The Government Accountability Office (GAO) said last summer that DoD’s Annual Industrial Capabilities Reports help lay out risks to the DIB and Pentagon risk reduction investments, but do not measure progress through quantitative metrics.
Since 1994, DoD has been required to submit the Annual Industrial Capabilities reports to Congress that identify gaps or vulnerabilities in, and assessments of, the U.S. DIB. The DoD industrial policy website, however, only lists reports through fiscal 2020, but a report last February in response to President Biden’s Executive Order 14017 may have satisfied some of the annual reporting requirement. Biden issued EO 14017, “America’s Supply Chains,” in 2021, and DoD released its Securing Defense-Critical Supply Chains: An Action Plan Developed in Response to
President Biden’s Executive Order 14017 on Feb. 24, 2022–the same day as the Russian assault on Ukraine.
Andrew Hunter, the Air Force’s acquisition chief who was also acting as the undersecretary of defense for acquisition and sustainment early last year, said on Feb. 24, 2022 in a DoD statement on the defense-critical supply chain report that “a clear national consensus has emerged around the need for bold action in support of supply chain resilience” and that the report “is a strategic roadmap for the department to build lasting resilience in our defense industrial base.”
The report addressed what the military services and DoD said were critical shortfalls in four areas–kinetic capabilities to include current missiles systems and advanced and developing missile capabilities, including hypersonic weapons technology and directed energy weapons; energy storage and batteries; castings and forgings; and microelectronics.
“For the last 20 years, the DoD’s procurements for kinetic weapons have focused on meeting current operational needs (e.g., Operation Inherent Resolve) and reducing inventory shortfalls incurred from the counter-Islamic State of Iraq and Syria (ISIS) operations,” the report said. “The result has been a conflict-driven pattern of procurement that runs counter to the sustainment of the DIB.”

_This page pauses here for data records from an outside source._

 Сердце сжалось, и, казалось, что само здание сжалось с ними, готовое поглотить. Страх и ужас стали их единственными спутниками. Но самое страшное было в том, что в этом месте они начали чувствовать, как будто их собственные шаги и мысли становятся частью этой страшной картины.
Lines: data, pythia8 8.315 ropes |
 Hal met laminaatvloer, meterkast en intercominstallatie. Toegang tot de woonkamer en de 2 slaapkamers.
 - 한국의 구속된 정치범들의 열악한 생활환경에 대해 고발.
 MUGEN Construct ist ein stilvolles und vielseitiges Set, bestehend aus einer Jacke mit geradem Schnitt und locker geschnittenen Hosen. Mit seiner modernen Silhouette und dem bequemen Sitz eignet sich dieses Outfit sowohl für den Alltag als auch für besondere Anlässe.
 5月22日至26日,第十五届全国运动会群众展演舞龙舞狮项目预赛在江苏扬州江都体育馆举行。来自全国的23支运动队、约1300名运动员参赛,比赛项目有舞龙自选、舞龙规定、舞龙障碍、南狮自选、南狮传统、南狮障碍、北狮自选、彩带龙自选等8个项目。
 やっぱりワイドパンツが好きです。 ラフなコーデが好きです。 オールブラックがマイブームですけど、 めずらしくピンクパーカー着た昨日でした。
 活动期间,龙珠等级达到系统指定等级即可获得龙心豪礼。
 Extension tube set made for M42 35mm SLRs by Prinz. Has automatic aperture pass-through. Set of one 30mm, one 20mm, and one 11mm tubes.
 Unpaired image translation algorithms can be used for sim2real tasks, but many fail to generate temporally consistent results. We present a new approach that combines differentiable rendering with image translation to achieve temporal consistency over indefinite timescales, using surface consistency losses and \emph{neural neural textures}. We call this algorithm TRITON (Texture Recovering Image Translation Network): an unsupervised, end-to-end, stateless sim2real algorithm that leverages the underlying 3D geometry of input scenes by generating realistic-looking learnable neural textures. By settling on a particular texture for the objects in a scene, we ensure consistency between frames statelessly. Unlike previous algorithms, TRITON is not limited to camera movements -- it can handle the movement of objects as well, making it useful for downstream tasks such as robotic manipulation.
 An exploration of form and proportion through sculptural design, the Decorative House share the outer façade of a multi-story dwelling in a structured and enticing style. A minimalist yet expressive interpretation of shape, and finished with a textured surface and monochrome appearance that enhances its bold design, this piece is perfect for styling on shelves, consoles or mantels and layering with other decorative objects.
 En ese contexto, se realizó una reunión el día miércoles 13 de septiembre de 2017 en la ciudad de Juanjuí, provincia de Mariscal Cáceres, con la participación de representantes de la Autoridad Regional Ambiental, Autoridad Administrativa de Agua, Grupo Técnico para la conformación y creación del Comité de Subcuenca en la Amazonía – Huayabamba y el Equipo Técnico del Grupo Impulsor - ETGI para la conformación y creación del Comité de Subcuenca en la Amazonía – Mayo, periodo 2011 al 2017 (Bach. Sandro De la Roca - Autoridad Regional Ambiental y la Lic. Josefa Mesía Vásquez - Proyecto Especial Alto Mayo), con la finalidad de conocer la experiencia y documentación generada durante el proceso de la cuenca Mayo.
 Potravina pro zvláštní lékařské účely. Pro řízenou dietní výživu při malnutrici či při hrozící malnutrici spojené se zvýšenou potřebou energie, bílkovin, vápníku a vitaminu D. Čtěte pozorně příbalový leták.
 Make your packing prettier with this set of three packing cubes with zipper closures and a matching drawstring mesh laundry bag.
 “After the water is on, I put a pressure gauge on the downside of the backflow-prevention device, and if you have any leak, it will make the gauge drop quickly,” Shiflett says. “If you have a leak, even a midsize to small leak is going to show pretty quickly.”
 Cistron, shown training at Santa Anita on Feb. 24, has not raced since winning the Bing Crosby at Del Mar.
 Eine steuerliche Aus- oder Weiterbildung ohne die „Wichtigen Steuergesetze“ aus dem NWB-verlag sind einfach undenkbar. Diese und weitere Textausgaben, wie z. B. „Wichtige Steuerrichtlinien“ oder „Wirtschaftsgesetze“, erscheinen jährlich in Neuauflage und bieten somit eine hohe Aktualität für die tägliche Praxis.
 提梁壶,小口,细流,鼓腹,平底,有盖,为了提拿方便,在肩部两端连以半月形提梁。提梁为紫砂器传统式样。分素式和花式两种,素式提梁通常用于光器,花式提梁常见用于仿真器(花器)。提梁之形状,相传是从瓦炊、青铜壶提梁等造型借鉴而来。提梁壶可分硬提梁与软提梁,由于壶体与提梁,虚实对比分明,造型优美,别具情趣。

“The industrial base for kinetic capabilities faces persistent sub-tier supply chain vulnerabilities, from raw materials and chemical shortages to critical subcomponents produced by fragile suppliers,” the study said. “For several decades, the DoD has entrusted supply chain visibility and risk management to companies in the private sector that provide it with defense capabilities. Consequently, the DoD has limited visibility into some sub-tiers of defense supply chains and does not track these vulnerabilities as they impact weapons programs.”
Among the recommendations of the report were investing in the hypersonics industrial base; heeding the advice of DoD’s Critical Energetic Materials Working Group (CEMWG) for future funding for explosives and updating “decades old” chemical specifications for such explosives. The report charged CEMWG, as its first priority, with identifying chemical specifications to update and with developing funding options for energetics in the fiscal 2024 budget request.
The fiscal 2018 Defense Industrial Capabilities Report noted that the Holston Army Ammunition Plant in Kingsport, Tenn., was “the only domestic source for most DoD explosives.” BAE Systems operates the plant.
Pentagon officials have often discussed the need to bolster DoD production capacity and munitions stockpiles in the wake of U.S. materiel aid to Ukraine, but it is unclear whether major defense companies are operating at a high enough capacity to justify an investment in new plants or production. DoD has not released such production capacity percentages.